▶ Your goal: For this exercise, repeat exactly the lines below starting at the line holding "что заплатит позже." and ending at the line holding "城崎温泉から竹野までは約9キロ、約30分もあれば到着いたします。", both included, with no extra lines and no pictures.

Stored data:
==========
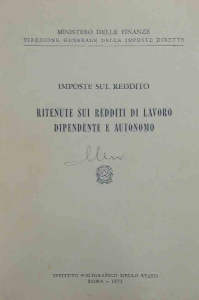 Ministero delle Finanze – Direzione Generale delle Imposte Dirette, Imposte sul reddito. Ritenute sui redditi di lavoro dipendente e autonomo, Istituto Poligrafico dello Stato, Roma 1973, pp. 104, cm 24, br. ed. Sigla di appartenenza alla prima di copertina e ad una carta interna. Tracce d’uso, alcune sottolineature e annotazioni a lapis, minima ingiallitura della carta, ma nel complesso copia in condizioni ancora accettabili.
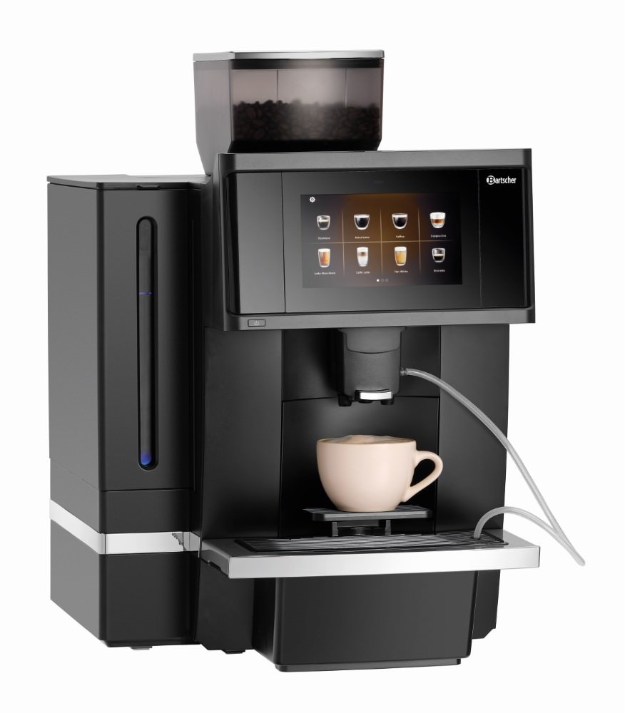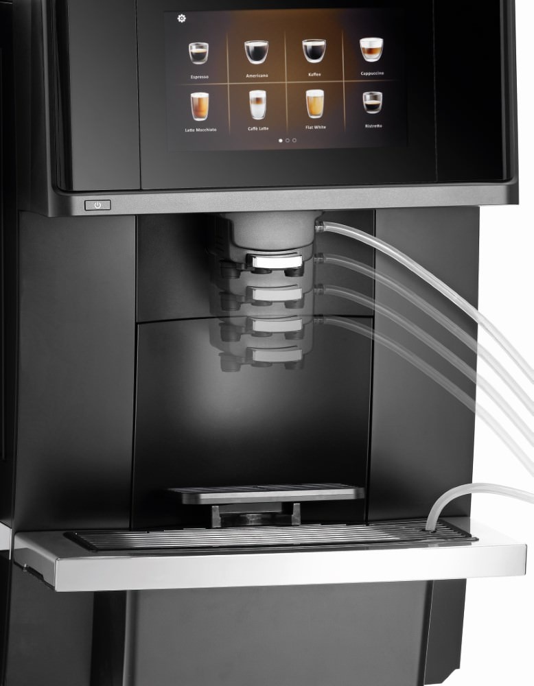 Możliwość indywidualnego zaprogramowania nawet do 23 przepisów kawowych, stałe przyłącze wody oraz zbiornik na wodę o pojemności 6 litrów to cechy, które wyróżniają ten niezwykle przemyślany wariant ekspresu do kawy KV1. Innymi słowy: najwyższa rozkosz delektowania się smakiem i aromatem kawy przy jednocześnie prostej, intuicyjnej obsłudze. 7-calowy wyświetlacz reklamowy z możliwością indywidualnego zapisu nagrań wideo w połączeniu z eleganckim designem – dzięki w pełni zautomatyzowanej obsłudze – zachęca do delektowania się świeżo przyrządzonym espresso, cappuccino, latte macchiato itp.
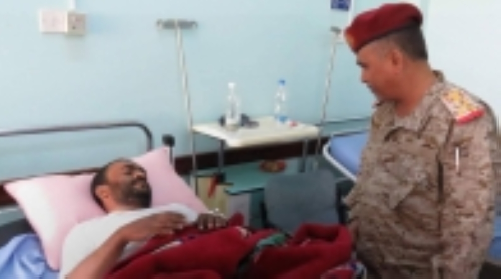 قيادي في الجيش اليمني أثناء زيارة جرحى مدنيين في تعز.
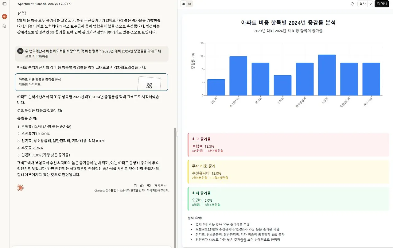 덕분에 우리 아파트 재무제표도 AI 챗봇이랑 같이 분석해 봤잖아. 예를 들어, 손익계산서 데이터를 AI 챗봇에게 주고 "이 데이터에서 가장 큰 비용 항목 5가지를 찾고, 각 항목의 전년 대비 증감률을 분석해서 요약해 줘."라고 물어보는 거야. 그럼 얘가 텍스트로 깔끔하게 요약해 줘. 함수나 통계 지식 없이도 이런 심층 보고서 작성이 가능해지는 거지! 특정 계정 과목의 추세 분석이나, 예상치 못한 비용 발생에 대한 인사이트를 얻을 때 정말 유용하다고!
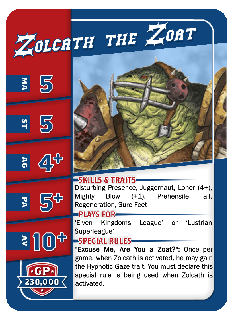 | 0-16 | Linemen | 70,000 | 6 | 3 | 2+ | 4+ | 9+ | AG | PS | 1,2,3 | ||
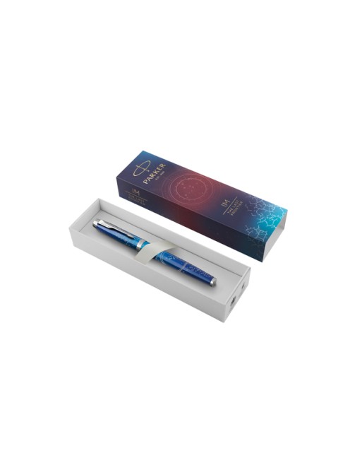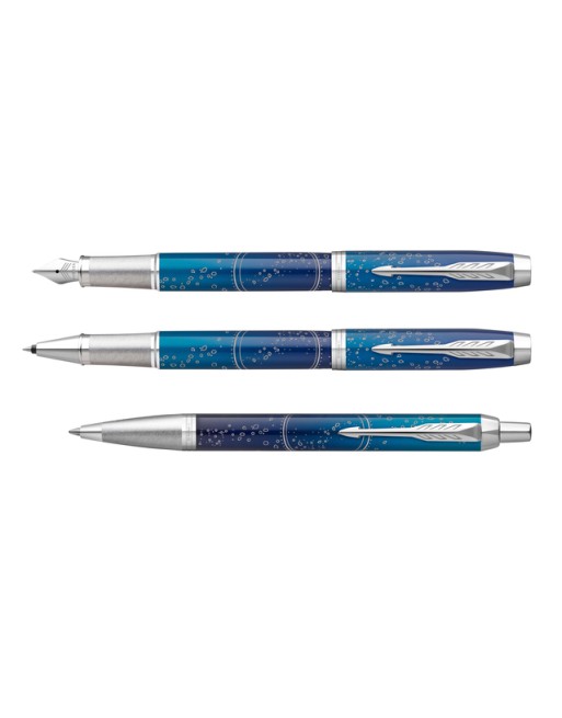 * De Parker IM Submerge CT vulpen is geïnspireerd op de uitgestrekte, onbekende diepe zee en brengt een eerbetoon aan degenen die hun grenzen verleggen om het onbekende te verkennen. * Met een blauw gelakte dop en huls met kleurverloop in twee nuances en een voelbaar, geëtst patroon dat doet denken aan een diepzee-expeditie. * De penpunt is gemaakt van duurzaam roestvrij staal en is te gebruiken met Quink-inktpatronen of inktpotvullingen. De perfect gevormde punt zorgt voor een betrouwbare en persoonlijke schrijfervaring. * Het wordt gepresenteerd in een Parker-geschenkdoos en is het perfecte geschenk voor jonge professionals die hun grenzen willen overschrijden om hun volledige potentieel te bereiken.
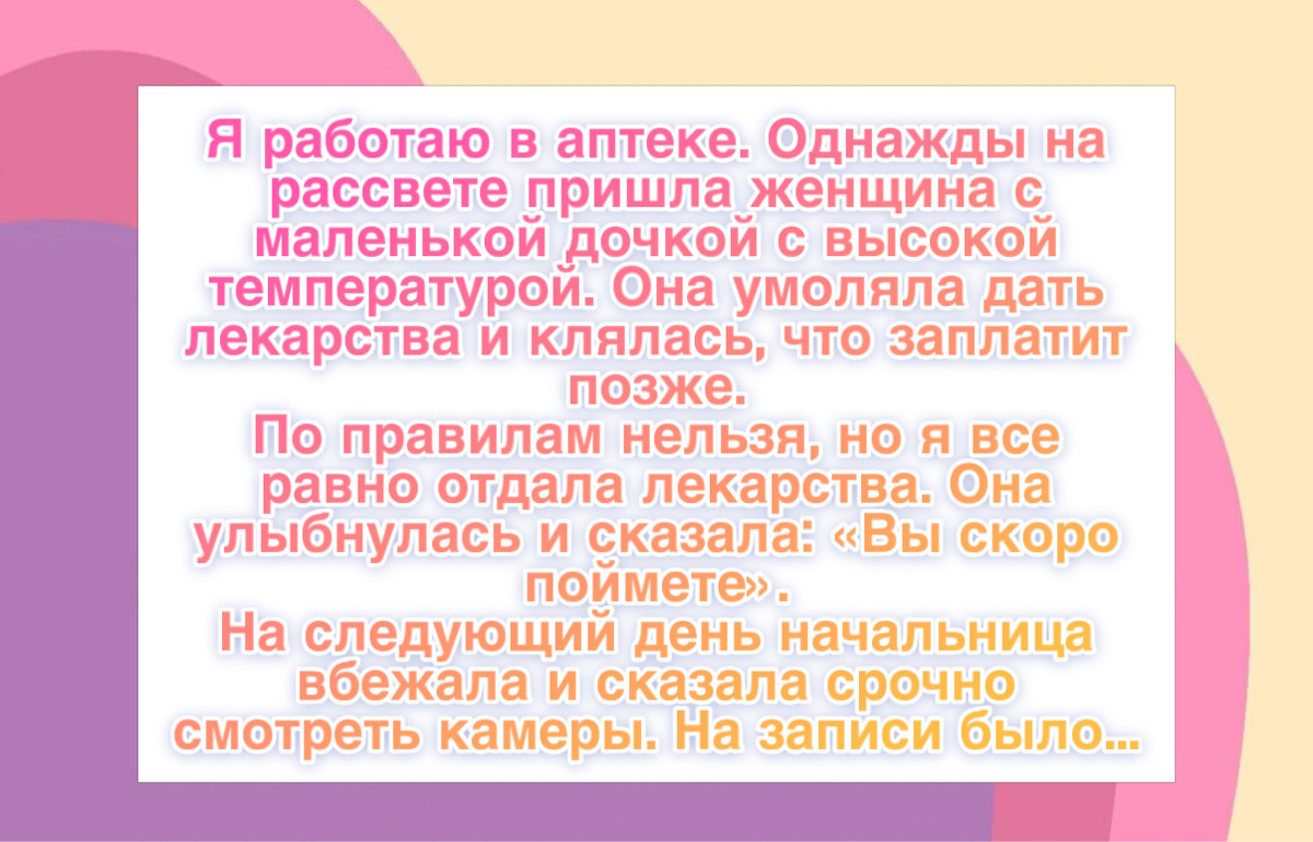 “Я работаю в маленькой аптеке в раннюю смену. Однажды на рассвете пришла женщина с маленькой девочкой с высокой температурой. Она умоляла дать лекарства и клялась, что заплатит позже.
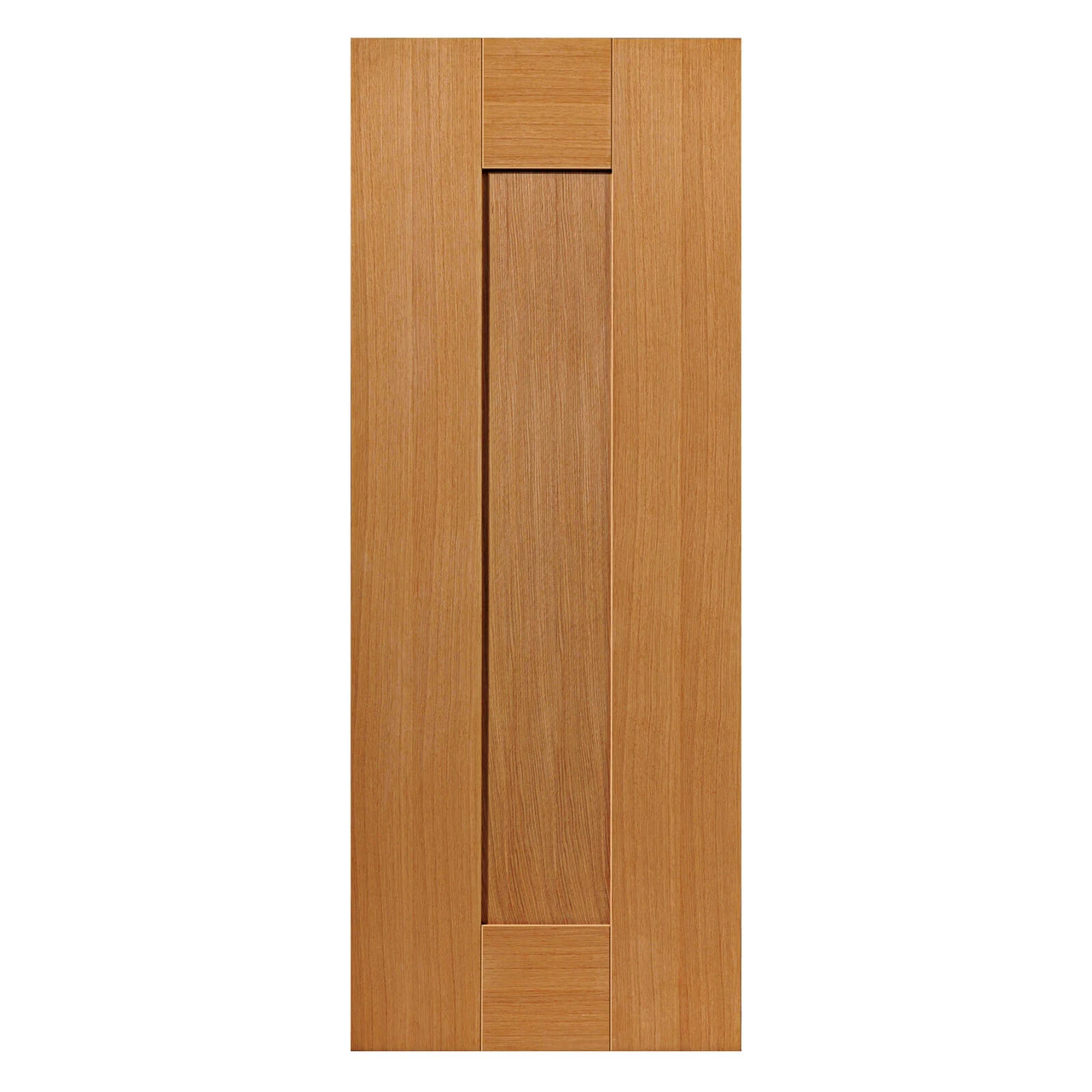 Modern oak wide shaker style internal door, supplied with full varnish finish
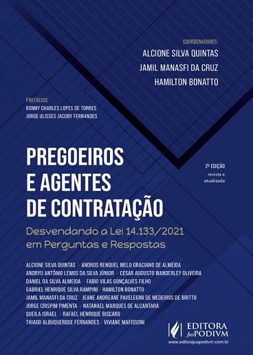 Prefácios: • Ronny Charles Lopes de Torres • Jorge Ulisses Jacoby Fernandes POR QUE ESCOLHER O LIVRO “PREGOEIROS E AGENTES DE CONTRATAÇÃO”? Os autores, com vasta experiência na área, desdobram-se não apenas em apresentar os aspectos técnicos da legislação, mas em elucidar as suas implicações no dia a dia dos pregoeiros e agentes de contratação. Cada conteúdo é cuidadosamente desenhado para abordar os temas mais relevantes e complexos da lei, fornecendo claridade e direção para os profissionais da área. Este livro destaca-se por sua abordagem pragmática e aplicada. Em vez de se restringir a uma exposição teórica, os autores optam por um caminho interativo, permitindo que o leitor fique engajado ao material de forma ativa. As perguntas formuladas refletem dúvidas reais surgidas na prática profissional, enquanto as respostas fornecem não apenas a informação legal necessária, mas também dicas práticas, exemplos e recomendações que somente a experiência de campo pode oferecer. Convidamos a todos os estudantes, professores, profissionais e entusiastas do direito administrativo e das licitações públicas a mergulharem nessa leitura enriquecedora que promete desvendar os mistérios da Lei 14.133/2021 e equipar seus leitores com o conhecimento necessário para enfrentar os desafios que a nova legislação apresenta. Os Coordenadores
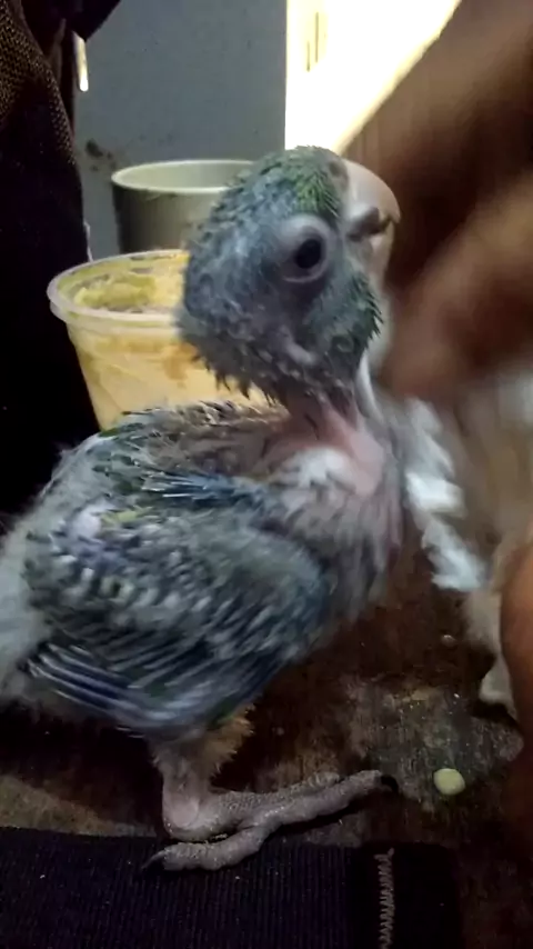 alimentando filhote de maritaca
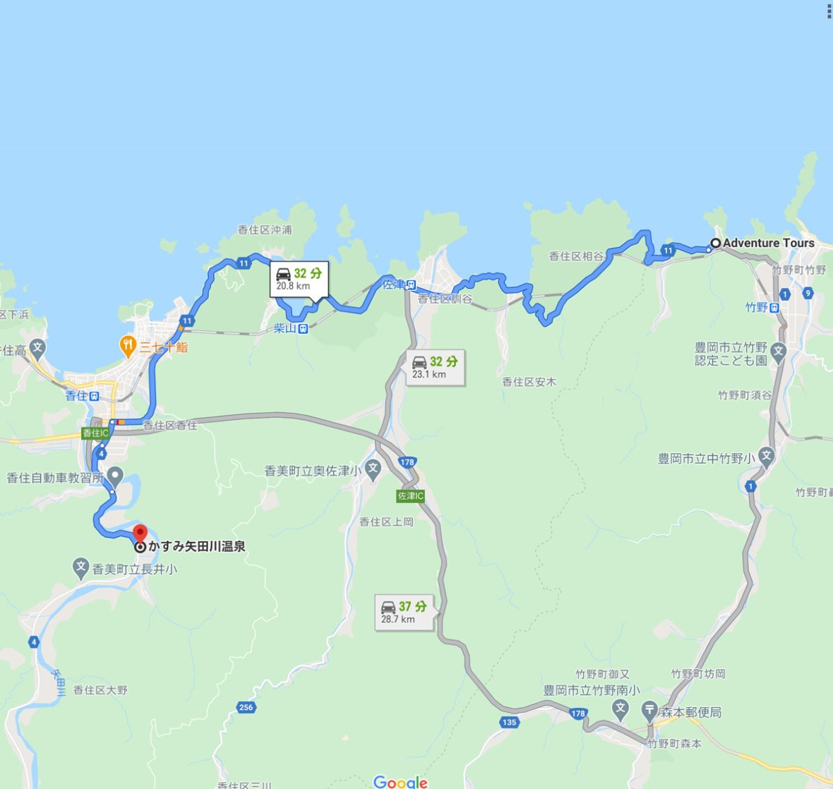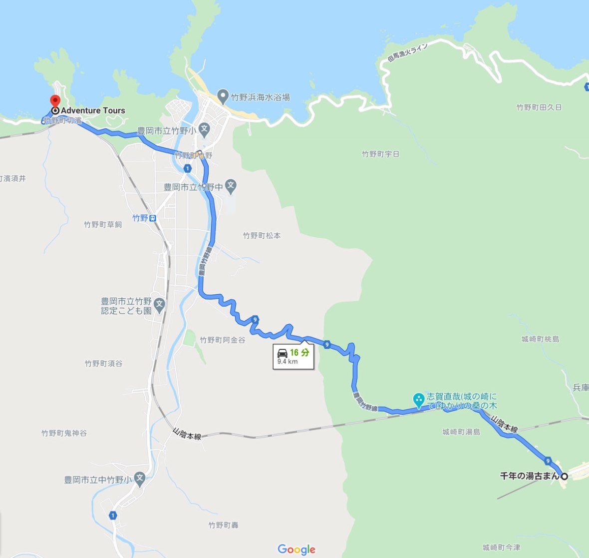 城崎温泉から竹野までは約9キロ、約30分もあれば到着いたします。
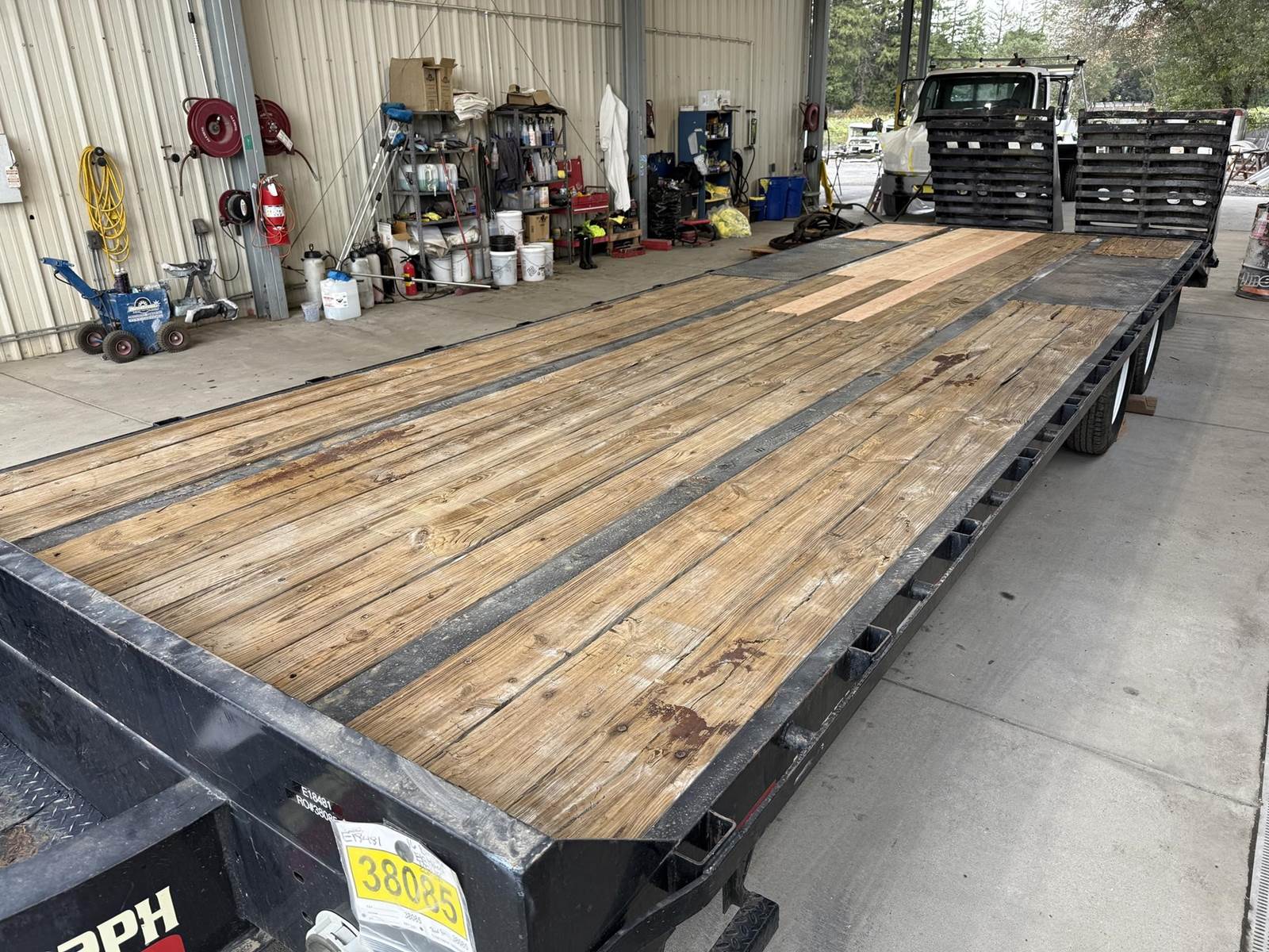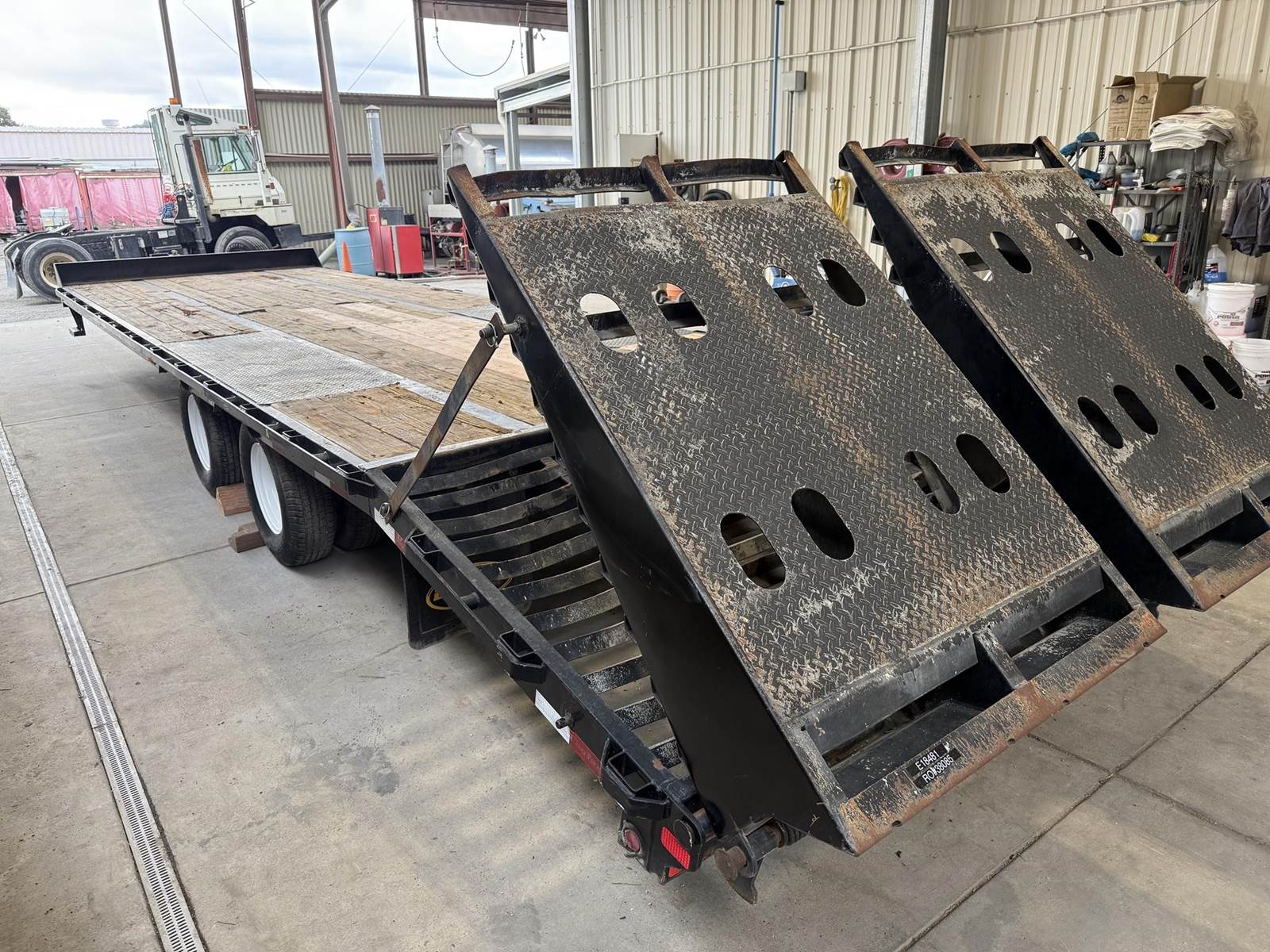 (Mfg. 1/16), Model 22PH-25+5, 25' Flat Deck w/ 5' Dovetail, Steel Fold-Up Ramps, Wood Decking, (2) 10,000# Axles, 23,900# GVWR, 17,800# Cargo Capacity, 6,100# Empty Weight, Leaf Spring Suspension, Electric Brakes, ST235/80 R-16 Radial Tires on Steel Wheels, Crank Down Landing Leg, 3/8" Heavy Duty Rub Rail, Full Size Spare Wheel & Tire Mounted @ Tongue R/H Side, Pintle Eye Hitch...
==========
▶ Task solution:
 “Я работаю в маленькой аптеке в раннюю смену. Однажды на рассвете пришла женщина с маленькой девочкой с высокой температурой. Она умоляла дать лекарства и клялась, что заплатит позже.
 Modern oak wide shaker style internal door, supplied with full varnish finish
 Prefácios: • Ronny Charles Lopes de Torres • Jorge Ulisses Jacoby Fernandes POR QUE ESCOLHER O LIVRO “PREGOEIROS E AGENTES DE CONTRATAÇÃO”? Os autores, com vasta experiência na área, desdobram-se não apenas em apresentar os aspectos técnicos da legislação, mas em elucidar as suas implicações no dia a dia dos pregoeiros e agentes de contratação. Cada conteúdo é cuidadosamente desenhado para abordar os temas mais relevantes e complexos da lei, fornecendo claridade e direção para os profissionais da área. Este livro destaca-se por sua abordagem pragmática e aplicada. Em vez de se restringir a uma exposição teórica, os autores optam por um caminho interativo, permitindo que o leitor fique engajado ao material de forma ativa. As perguntas formuladas refletem dúvidas reais surgidas na prática profissional, enquanto as respostas fornecem não apenas a informação legal necessária, mas também dicas práticas, exemplos e recomendações que somente a experiência de campo pode oferecer. Convidamos a todos os estudantes, professores, profissionais e entusiastas do direito administrativo e das licitações públicas a mergulharem nessa leitura enriquecedora que promete desvendar os mistérios da Lei 14.133/2021 e equipar seus leitores com o conhecimento necessário para enfrentar os desafios que a nova legislação apresenta. Os Coordenadores
 alimentando filhote de maritaca
 城崎温泉から竹野までは約9キロ、約30分もあれば到着いたします。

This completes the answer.